> _Task to carry out_
Copy out exactly, from the entries that follow, the line holding "Women’s Kerala Tissue", the line holding "新入生代表生徒からは、誓いの", and all lines between them, but no pictures.

> _Material supplied_

= = =

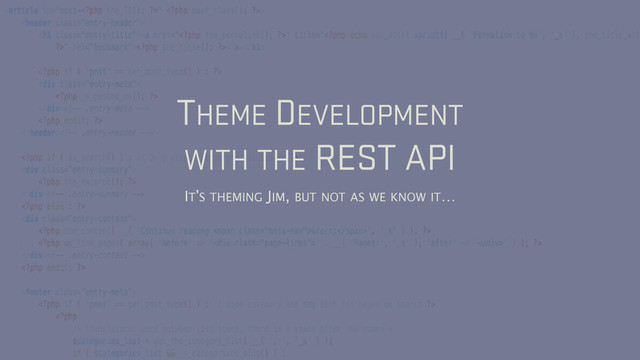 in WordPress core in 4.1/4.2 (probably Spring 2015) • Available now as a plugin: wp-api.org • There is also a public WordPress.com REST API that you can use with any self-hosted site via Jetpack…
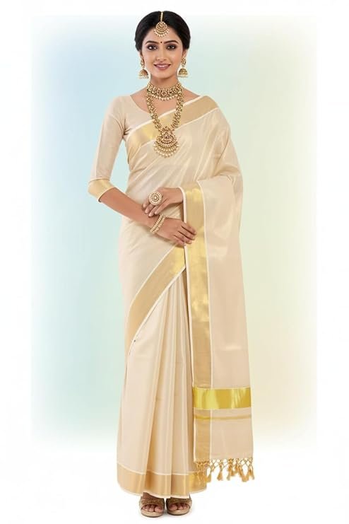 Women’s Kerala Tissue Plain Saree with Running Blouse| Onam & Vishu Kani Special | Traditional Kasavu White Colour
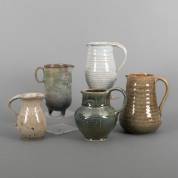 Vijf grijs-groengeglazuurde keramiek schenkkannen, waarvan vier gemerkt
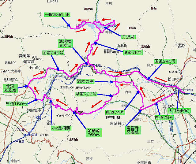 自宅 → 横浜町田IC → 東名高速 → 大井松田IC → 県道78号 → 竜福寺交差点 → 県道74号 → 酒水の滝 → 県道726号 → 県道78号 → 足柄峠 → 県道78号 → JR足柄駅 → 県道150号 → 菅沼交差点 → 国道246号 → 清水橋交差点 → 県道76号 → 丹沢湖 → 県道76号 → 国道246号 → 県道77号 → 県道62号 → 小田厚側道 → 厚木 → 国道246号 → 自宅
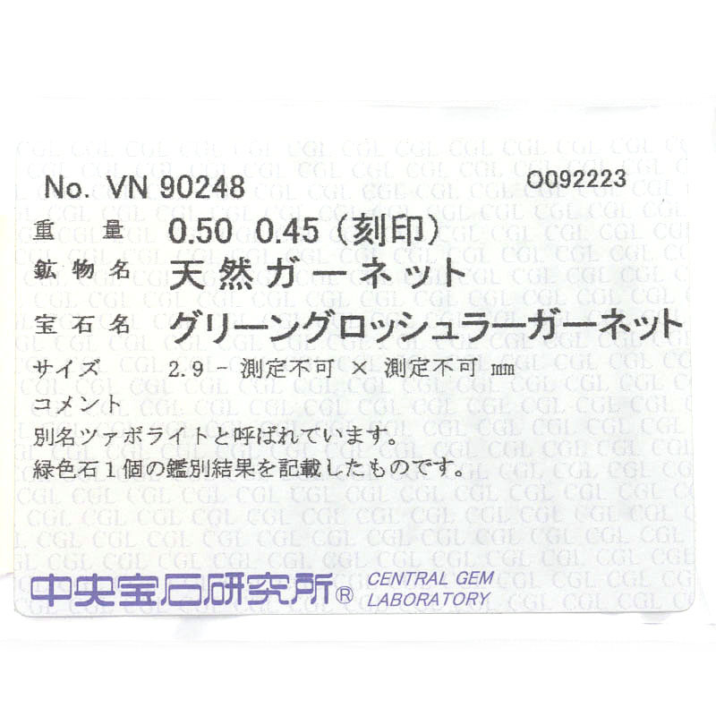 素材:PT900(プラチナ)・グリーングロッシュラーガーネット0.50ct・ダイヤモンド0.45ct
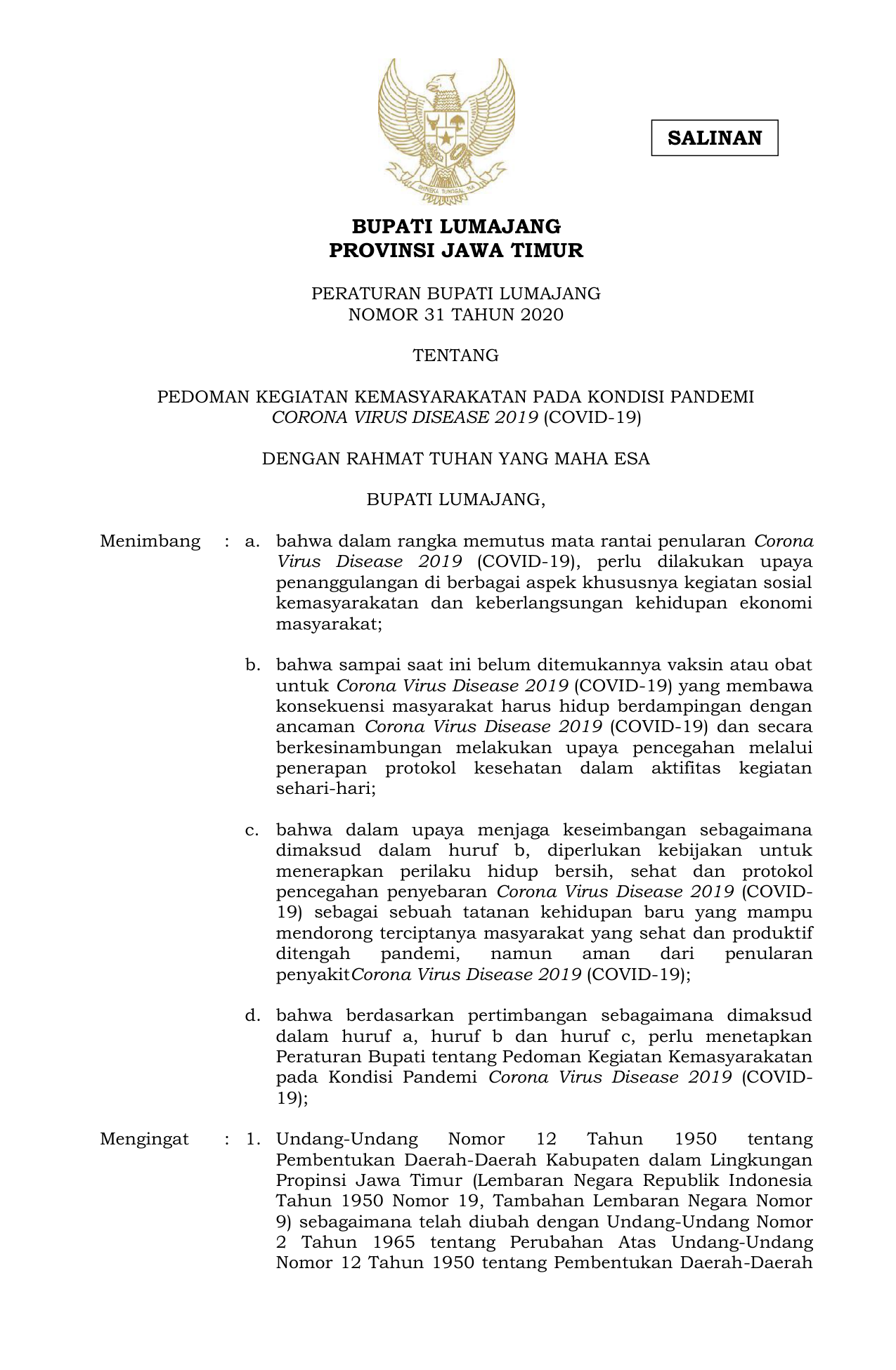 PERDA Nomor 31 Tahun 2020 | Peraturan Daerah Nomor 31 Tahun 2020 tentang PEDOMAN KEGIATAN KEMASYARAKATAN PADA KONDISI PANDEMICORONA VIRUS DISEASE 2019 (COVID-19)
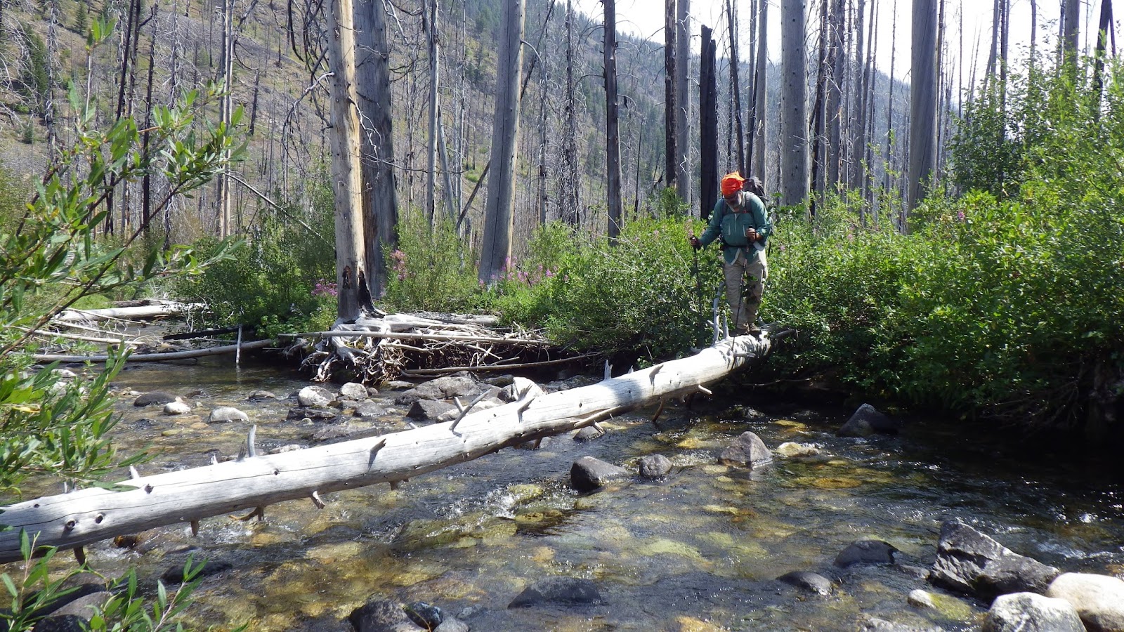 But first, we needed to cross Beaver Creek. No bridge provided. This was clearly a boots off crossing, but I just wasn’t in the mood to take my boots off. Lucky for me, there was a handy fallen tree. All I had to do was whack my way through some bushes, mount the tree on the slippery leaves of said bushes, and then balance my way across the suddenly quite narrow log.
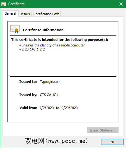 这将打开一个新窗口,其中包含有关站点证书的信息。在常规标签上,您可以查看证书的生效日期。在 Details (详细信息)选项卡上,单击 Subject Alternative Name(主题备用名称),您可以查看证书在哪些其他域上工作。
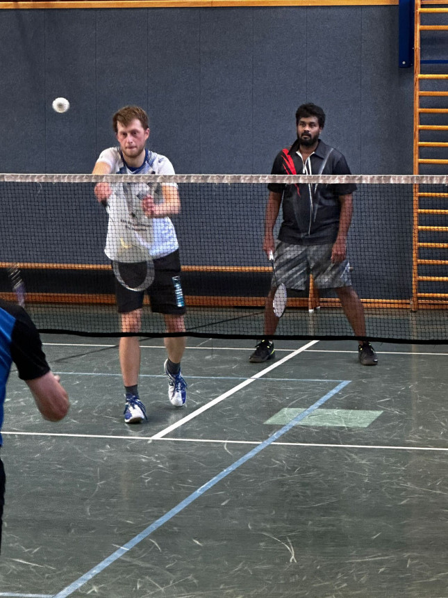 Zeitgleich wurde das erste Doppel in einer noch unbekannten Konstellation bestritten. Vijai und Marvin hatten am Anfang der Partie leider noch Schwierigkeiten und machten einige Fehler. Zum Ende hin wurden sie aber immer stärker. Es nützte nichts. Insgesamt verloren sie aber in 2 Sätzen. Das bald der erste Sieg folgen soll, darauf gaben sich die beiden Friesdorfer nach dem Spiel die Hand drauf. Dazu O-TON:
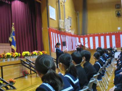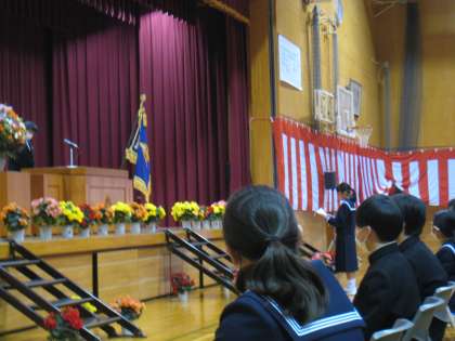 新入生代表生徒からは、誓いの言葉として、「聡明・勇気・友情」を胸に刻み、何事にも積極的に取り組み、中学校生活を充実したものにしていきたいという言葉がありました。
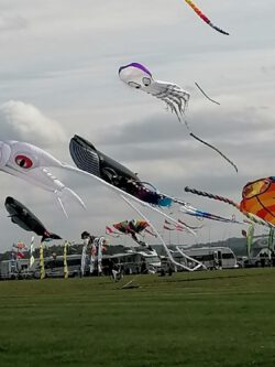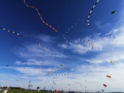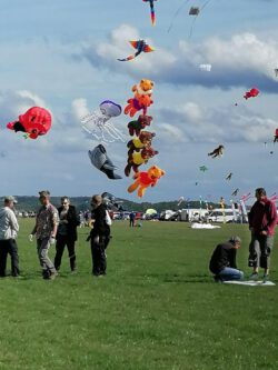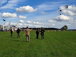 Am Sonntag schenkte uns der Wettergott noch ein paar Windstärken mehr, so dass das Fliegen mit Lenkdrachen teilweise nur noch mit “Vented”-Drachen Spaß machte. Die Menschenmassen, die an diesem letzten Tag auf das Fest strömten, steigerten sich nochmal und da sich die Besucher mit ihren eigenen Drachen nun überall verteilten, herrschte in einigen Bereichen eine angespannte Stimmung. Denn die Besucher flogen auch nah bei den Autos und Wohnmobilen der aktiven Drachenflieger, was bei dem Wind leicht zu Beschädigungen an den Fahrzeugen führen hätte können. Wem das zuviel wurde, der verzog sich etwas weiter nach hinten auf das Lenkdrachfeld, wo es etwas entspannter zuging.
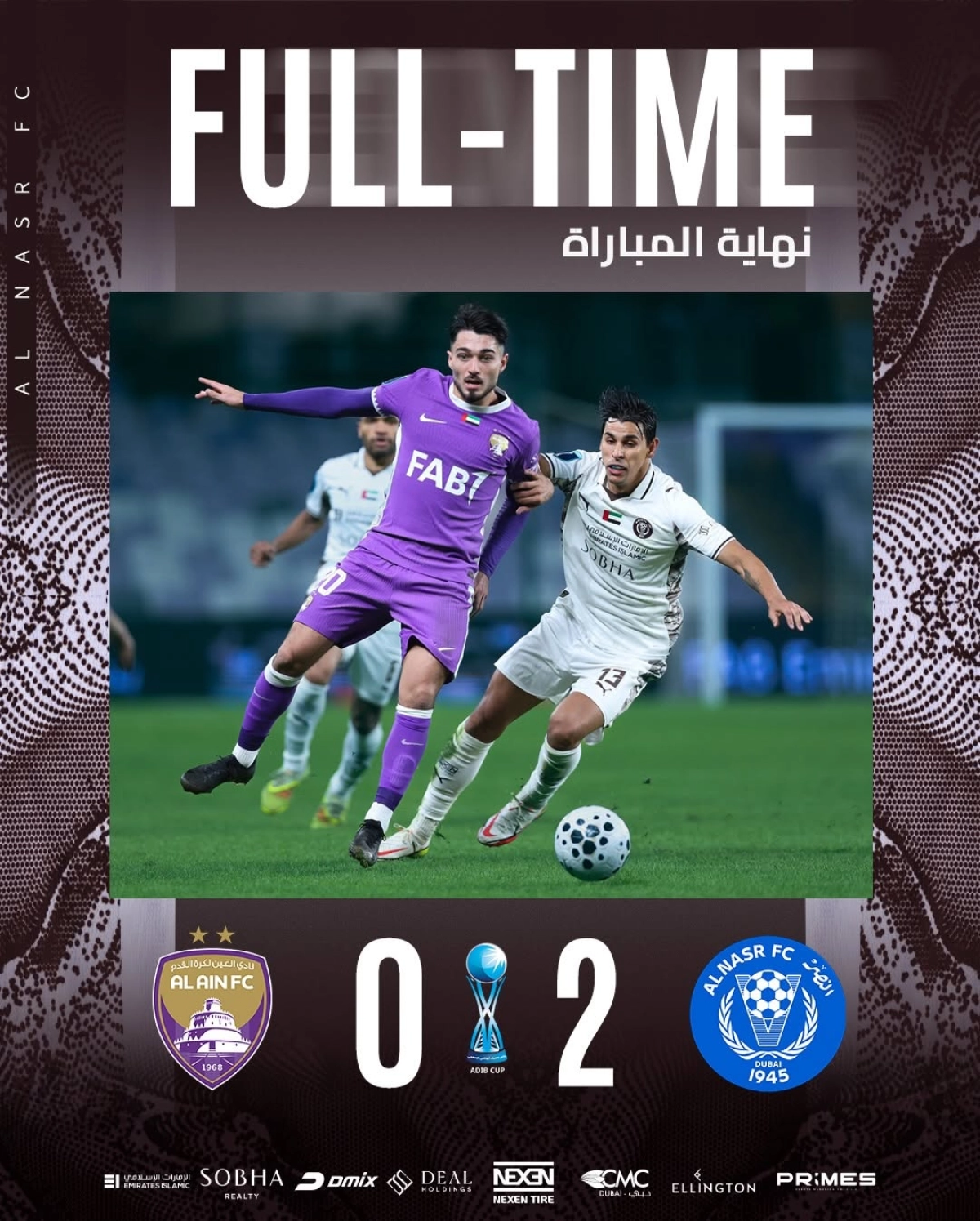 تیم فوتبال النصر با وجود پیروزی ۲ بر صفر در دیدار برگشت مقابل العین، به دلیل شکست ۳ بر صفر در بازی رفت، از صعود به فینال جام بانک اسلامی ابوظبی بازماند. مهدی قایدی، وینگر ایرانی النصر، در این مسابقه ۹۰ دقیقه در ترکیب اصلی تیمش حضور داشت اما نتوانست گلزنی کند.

= = =

> _Completed task_
 Women’s Kerala Tissue Plain Saree with Running Blouse| Onam & Vishu Kani Special | Traditional Kasavu White Colour
 Vijf grijs-groengeglazuurde keramiek schenkkannen, waarvan vier gemerkt
 自宅 → 横浜町田IC → 東名高速 → 大井松田IC → 県道78号 → 竜福寺交差点 → 県道74号 → 酒水の滝 → 県道726号 → 県道78号 → 足柄峠 → 県道78号 → JR足柄駅 → 県道150号 → 菅沼交差点 → 国道246号 → 清水橋交差点 → 県道76号 → 丹沢湖 → 県道76号 → 国道246号 → 県道77号 → 県道62号 → 小田厚側道 → 厚木 → 国道246号 → 自宅
 素材:PT900(プラチナ)・グリーングロッシュラーガーネット0.50ct・ダイヤモンド0.45ct
 PERDA Nomor 31 Tahun 2020 | Peraturan Daerah Nomor 31 Tahun 2020 tentang PEDOMAN KEGIATAN KEMASYARAKATAN PADA KONDISI PANDEMICORONA VIRUS DISEASE 2019 (COVID-19)
 But first, we needed to cross Beaver Creek. No bridge provided. This was clearly a boots off crossing, but I just wasn’t in the mood to take my boots off. Lucky for me, there was a handy fallen tree. All I had to do was whack my way through some bushes, mount the tree on the slippery leaves of said bushes, and then balance my way across the suddenly quite narrow log.
 这将打开一个新窗口,其中包含有关站点证书的信息。在常规标签上,您可以查看证书的生效日期。在 Details (详细信息)选项卡上,单击 Subject Alternative Name(主题备用名称),您可以查看证书在哪些其他域上工作。
 Zeitgleich wurde das erste Doppel in einer noch unbekannten Konstellation bestritten. Vijai und Marvin hatten am Anfang der Partie leider noch Schwierigkeiten und machten einige Fehler. Zum Ende hin wurden sie aber immer stärker. Es nützte nichts. Insgesamt verloren sie aber in 2 Sätzen. Das bald der erste Sieg folgen soll, darauf gaben sich die beiden Friesdorfer nach dem Spiel die Hand drauf. Dazu O-TON:
 新入生代表生徒からは、誓いの言葉として、「聡明・勇気・友情」を胸に刻み、何事にも積極的に取り組み、中学校生活を充実したものにしていきたいという言葉がありました。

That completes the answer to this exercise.